Let’s put these concepts in code. The following code block defines the persistence context, and illustrate the persistence by reachability.

	EntityManager em = //obtain the EntityManger instance
	EntityTransaction tx = null;
	try {
		tx = em.getTransaction();
		tx.begin();

		Department dept1 = em.find(Department.class, "department1");
		dept1.addEmployee(new Employee("José", 10503f));

		tx.commit();
	} catch (Exception e) {
		if (tx != null) {
			tx.rollback();
		}
		throw new RuntimeException(e);
	} finally {
		em.close();
	}

On line 7, I’m getting the Department department1 from the persistent storage and on line 8 just append a new employee to it. Due to department1 is in the persistent state, by reachability the transient instance of Employee (José) will be persisted and attached to the department.

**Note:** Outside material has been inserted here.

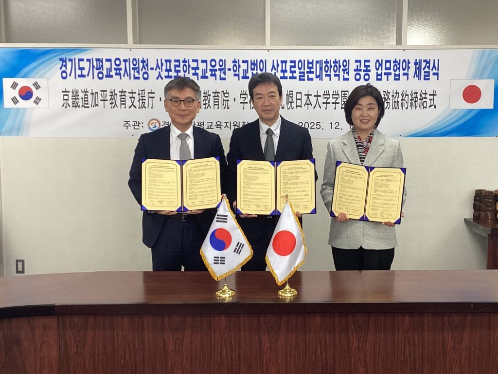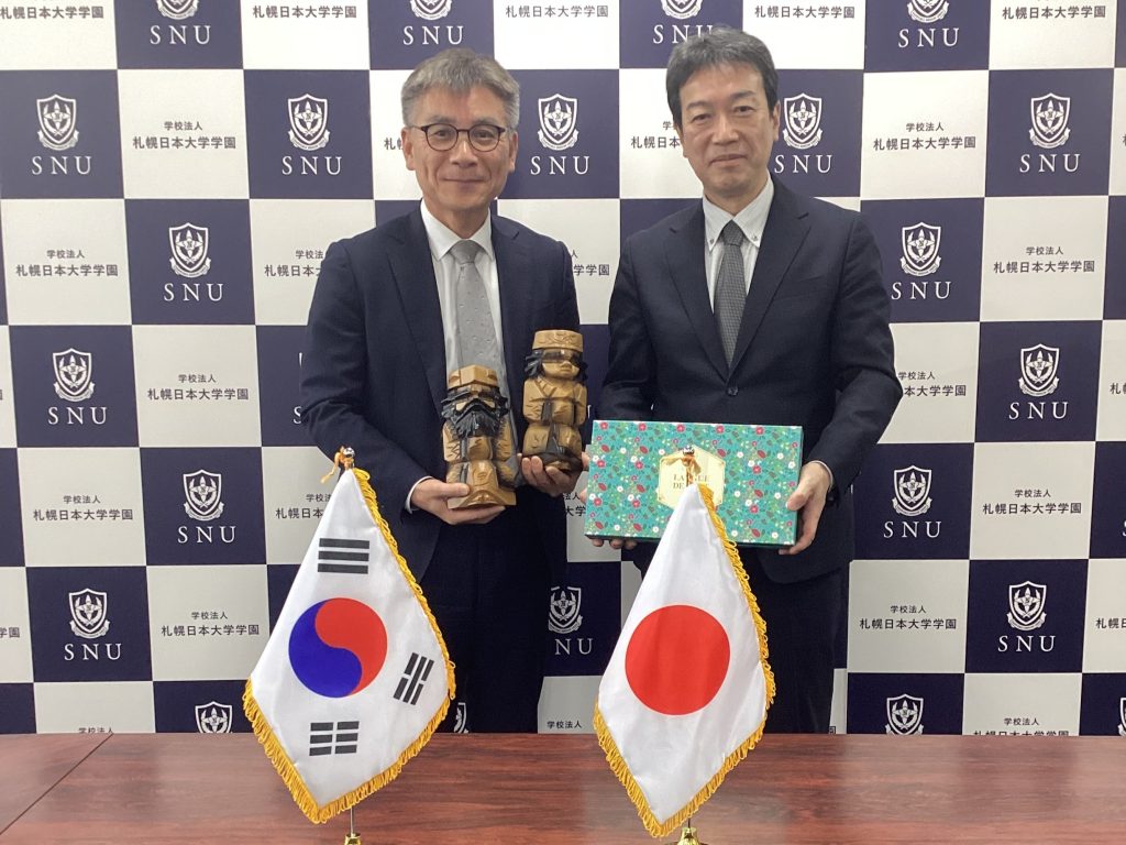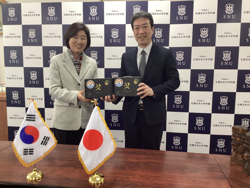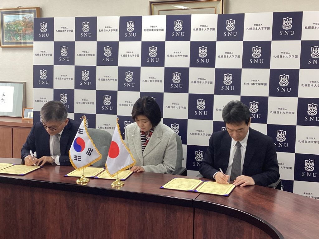 12月12日、学校法人札幌日本大学学園、韓国・京畿道加平教育支援庁、札幌韓国教育院の3者は教育協力関係の発展、未来教育の推進を目的とした国際交流を推進させる共同業務契約を締結しました。札幌日本大学学園の浅利剛之理事長、京畿道加平教育支援庁の李珽林教育長、札幌韓国教育院の朴熙喆院長がそれぞれ書類にサインし、3者の協力関係が確立されました。締結式では相互の教育状況についても情報交換され、本校の探究学習や文武両道の姿勢、国際交流の盛んさに大変興味を持たれたようでした。今後は相互の生徒間交流を中心に、日本と韓国の教育発展に向け協議と活動を進めていく予定です。

A similar scenario that also illustrate the two concepts described above is when having two transient objects, Department and Employee, and the Employee has a relation (or is part of) to the Department. If I persist the Department, then the Employee will be persisted too. Code shown below:

	//start persistence context
	...
	Department dept1 = new Department("department1");
	dept1.addEmployee(new Employee("José", 10503f));

	em.persist(dept1);
	...
	//close persistence context

Below are some more examples that continue demonstrating the beauty of the transparent persistence. Changing the name of a department:

	//start persistence context
	...
	Department dept1 = new Department("department1");
	dept1.setName("anotherDepartmentName");
	...
	//close end of persistence context

Removing an employee from a department:

	//start persistence context
	...
	Department dept1 = // retrieving from the storage
	dept1.removeEmployee(new Employee("Javier", 4569f));
	...
	//close end of persistence context

Lets write something a bit richer. Suppose each department gains 5 points each time a woman joins them and 3 points for men and subtract 5 points when an employee leaves them. I would change the Department class in the following way:

public class Department {

	...

	private int points;

	public void addEmployee(Employee e) {
		points += e.points();
		employees.add(e);
	}

	public void removeEmployee(Employee e) {
		points -=  e.points();
		employees.remove(e);
	}

	...
}

Now, if I add an employee to a department:

	//start persistence context
	...
	Department dept1 = // retrieving from the storage
	dept1.addEmployee(new Employee("Julio", 6205f));
	...
	//close end of persistence context

in addition to persist the new Employee and the relation with the department, it will also persist the new points obtained by adding employees to the department. It will be done executing two SQL statements wrapped in a transaction. Something like:

insert into employees values("Julio", 6205f, "department1");
update departments set points = ? where id = "department1";

That was transparent right? You can visualize all the work done by the ORM for you. This means that you can focus the effort on make a good Object Domain Model (and with good I mean, with business logic inside and not an anemic model), test it on memory, get a high test coverage, and let the ORM to take care of the persistence.

The support of Transparent Persistence is what makes Hibernate an invaluable tool.